(Note: This article is part of the content from the Internet, due to the author's limited, shortcomings, but also hope to comment.) )
Remember a few days ago, the department of a little girl asked me, how her python print out the Chinese information is garbled? I walked over, thinking about one or two, an instant to her fix, in fact, this is the character encoding conversion problem. At this time, I noticed that the little girl showed a gleam of worship. So I thought, if you can't even make the coding problem, how do you pick up the girls? May be a part of the people will enter this misunderstanding, I am the level of my pupils, my understanding of the combination of online information to write down.
Note : The Python3 default encoding is Unicode, while Python2 is an ASCII code. The Windows environment is GBK encoded by default .

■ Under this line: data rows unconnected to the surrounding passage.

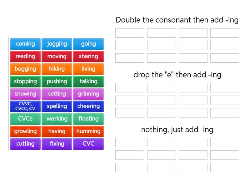 Double the consonant then add -ing: setting, cutting, stopping, begging, grinning, jogging, humming, CVC, drop the "e" then add -ing: hiking, moving, living, coming, having, sharing, CVCe, nothing, just add -ing: reading, cheering, spelling, floating, growling, talking, pushing, fixing, working, going, snowing, CVVC, CVCC, CV,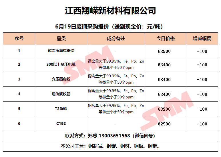 6月19日江西翔嵘新材料 废铜采购报价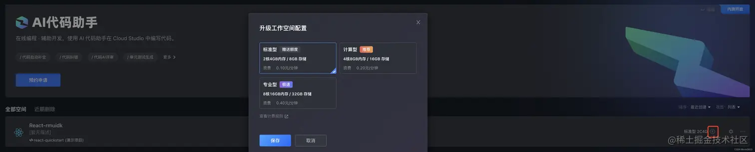 Cloud Studio 团队基于老用户使用体验角度和新用户上手成本考虑,现实行每月赠送 3000 分钟的工作空间免费时长,用户放心试,满意再购买!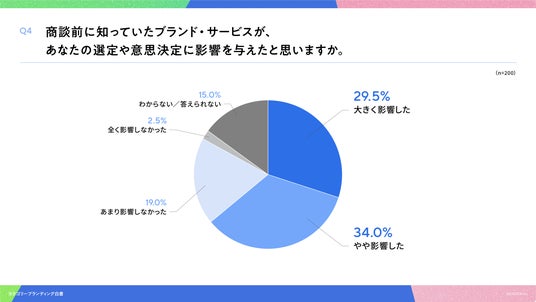 「Q4. 商談前に知っていたブランド・サービスが、あなたの選定や意思決定に影響を与えたと思いますか。」(n=200)と質問したところ、「大きく影響した」が29.5%、「やや影響した」が34.0%という回答となりました。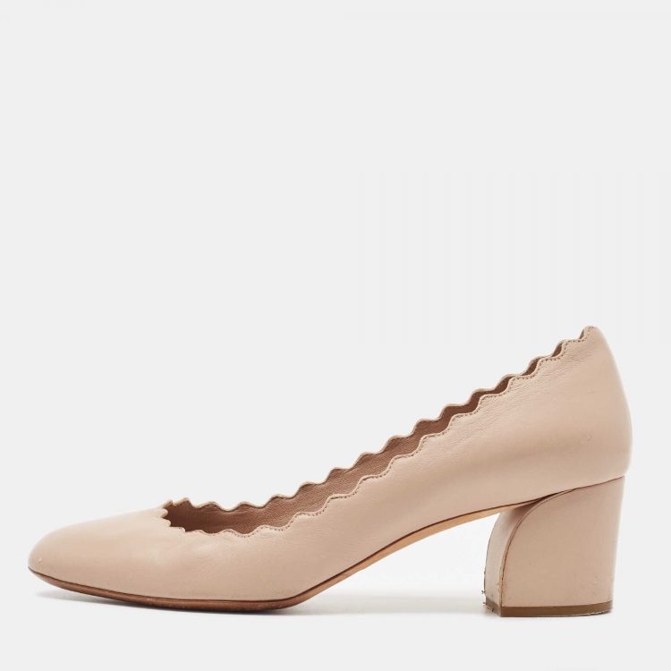 Chloe Beige Leather Laurena Scalloped Pumps Size 37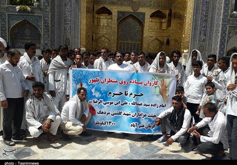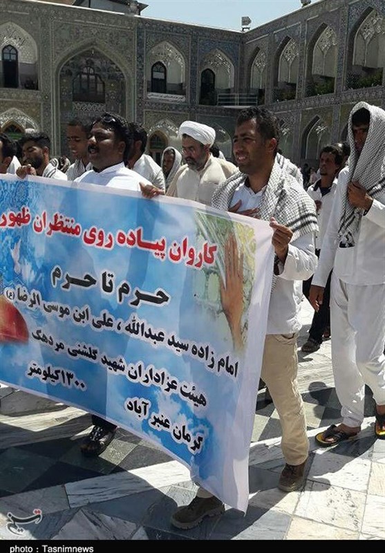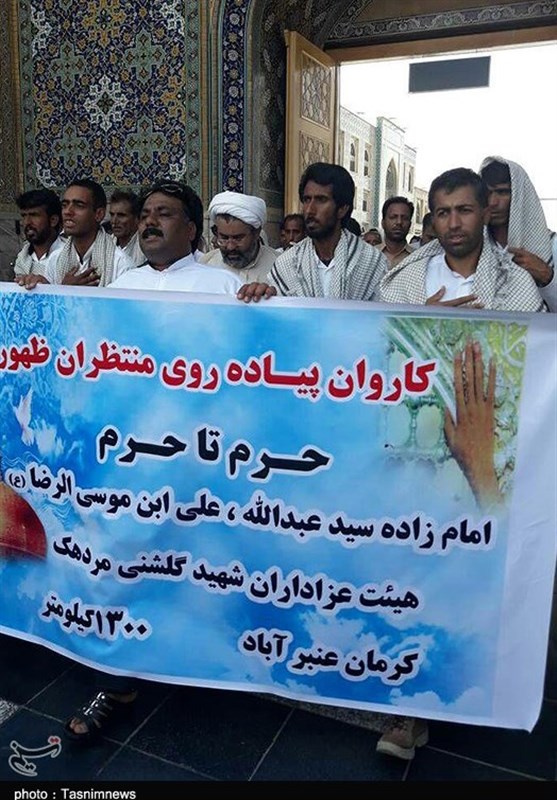 به گزارش خبرگزاری تسنیم از کرمان، کاروان پیادهروی منتظران ظهور که حرکت خود را از مرقد سیدعبدالله بخش جبالبارز جنوبی شهرستان عنبرآباد آغاز کرده بود پس از طی مسافت هزار و 300 کیلومتر و پس از 19 روز پیادهروی صبح امروز به حرم مطهر امام علیابن موسیالرضا(ع) رسید.
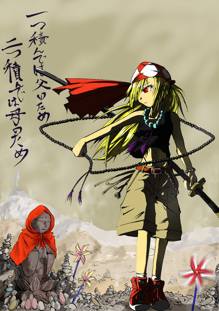 いたるところに刺さった風車がカラカラと乾いた音をだしながら廻り、大小様々な地蔵様が各所に点在している。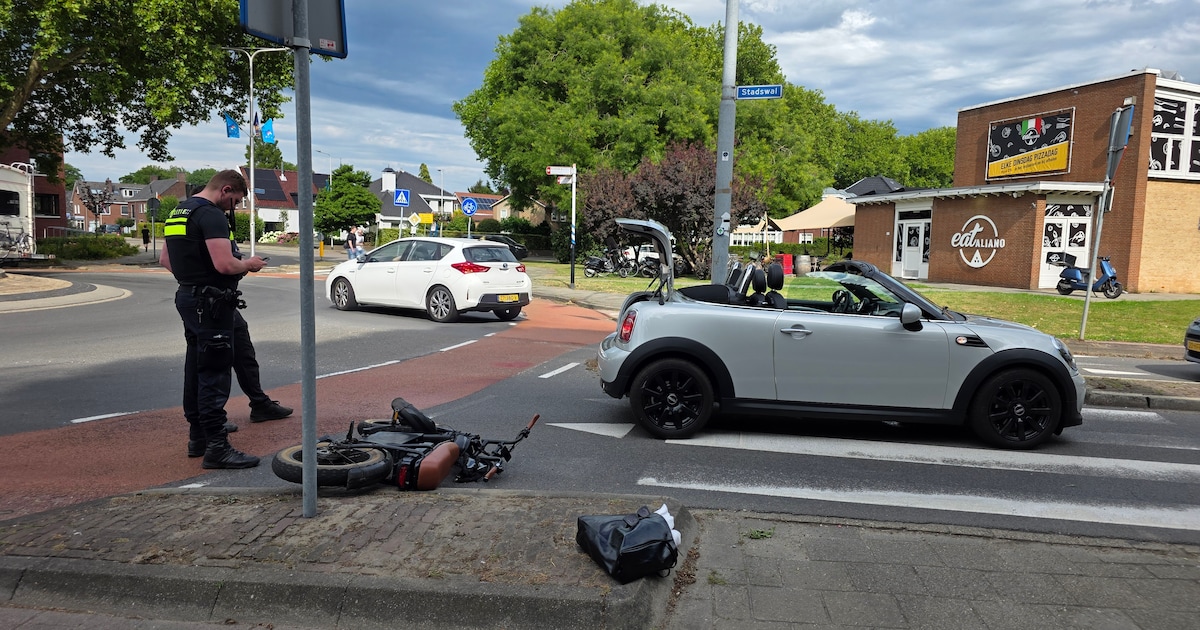 Een fatbike met twee opzittenden is zaterdagmiddag in botsing gekomen met een auto op de kruising tussen de Huismanstraat en de Stadswal in Huissen. De twee zijn gecontroleerd door het ambulancepersoneel.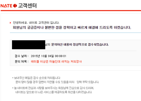 접수날짜보이지? 4일에 신고했고 지금 6일인데 네이트에서 신고메일 아직 확인도 안함

Common coding error causes:
1. Default encoding of the Python interpreter
2. Python source file encoding
3. Encoding used by the terminal
4. Language settings for the operating system
One, the type of the code
I, ASCII accounts for 1 bytes, only English is supported
II, GB2312 account for 2 bytes, support 6700+ Kanji
III, GBK GB2312 upgrade version, support 21000+ kanji, Chinese 2 bytes .
IV, Unicode 2-4 bytes already included 136,690 characters
V, UTF-8: Use 1, 2, 3, 4 bytes to represent all characters, a priority of 1 characters, not enough to increase one byte, up to 4 bytes. English accounts for 1 words
section, European languages accounted for 2, East Asia accounted for 3, and other and special characters accounted for 4 . Chinese 3 bytes.
VI, UTF-16: Use 2, 4 bytes to represent all characters, 2 bytes is preferred, otherwise 4 bytes are used.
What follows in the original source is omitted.